To kick off my new “All Things Graph” series 😊 I had so many topics that it was quite hard to choose where to start, but in the end, I thought what topic better than something related to good old RDF and graph databases created for dealing with RDFs. Apache Jena is one of my all-time favorite graph databases. Especially using its Fuseki server makes deploying a backend for your graph applications a cakewalk. However, one thing that has always been missing from it was “semantic” search (also known as vector search, which also helps avoid confusion with semantic reasoning as it relates to graphs). With the advent of LLMs and RAG (Retrieval Augmented Generation), having more powerful search systems, especially hybrid search has become a crucial decision factor for choosing the right storage and retrieval system. So, in this post, I will walk you through what hybrid search is and how I enabled Apache Jena to provide me with a hybrid search interface for my RAG applications.

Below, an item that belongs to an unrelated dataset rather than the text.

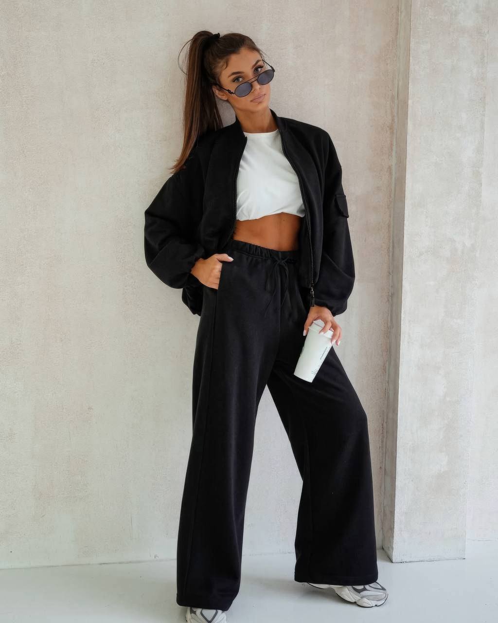 Костюм с просторными брюками на резинке и укороченной кофтой со спущенным плечом черный

Let’s start by covering a few basic concepts, and then dive right into the action

What is Hybrid Search?

Hybrid search is a search approach that combines two different ways of finding relevant results: lexical search, which matches exact words, phrases, and token patterns, and semantic or vector search, which matches meaning based on embeddings. In general, the goal is to get the strengths of both at once: lexical search is precise and good for exact terms, names, and filters, while semantic search is better at finding conceptually similar content even when the wording differs. A hybrid system typically runs both searches in parallel and then merges or reranks the results using a scoring method such as weighted blending or rank fusion, so the final results are both keyword-aware and meaning-aware.

What is SPARQL?

SPARQL is the standard query language for RDF data. It is used to read and update graph-shaped data made of triples: a subject, a predicate, and an object. SPARQL is huge topic of its own and you can look up other graph query languages (such as Gremlin or openCypher) for a comparison and deeper understanding so we’ll suffice with a couple of simple examples.

Simple Insert Query

This example adds two resources and their labels:

PREFIX ex:   <http://example.org/>
PREFIX rdfs: <http://www.w3.org/2000/01/rdf-schema#>

INSERT DATA {
ex:item1 rdfs:label "Red bicycle" .
ex:item2 rdfs:label "Blue helmet" .
}

Simple Select Query

This example retrieves resources and their labels:

PREFIX rdfs: <http://www.w3.org/2000/01/rdf-schema#>

SELECT ?s ?label {
?s rdfs:label ?label .
}
ORDER BY ?label

Apache Jena And Fuseki

Apache Jena is a Java framework for working with RDF data, ontologies, and SPARQL. It provides libraries for building Semantic Web applications and for storing, querying, and updating graph data. Fuseki is Jena’s SPARQL server: it exposes datasets over HTTP so users and applications can run SPARQL queries and updates through a web UI or API.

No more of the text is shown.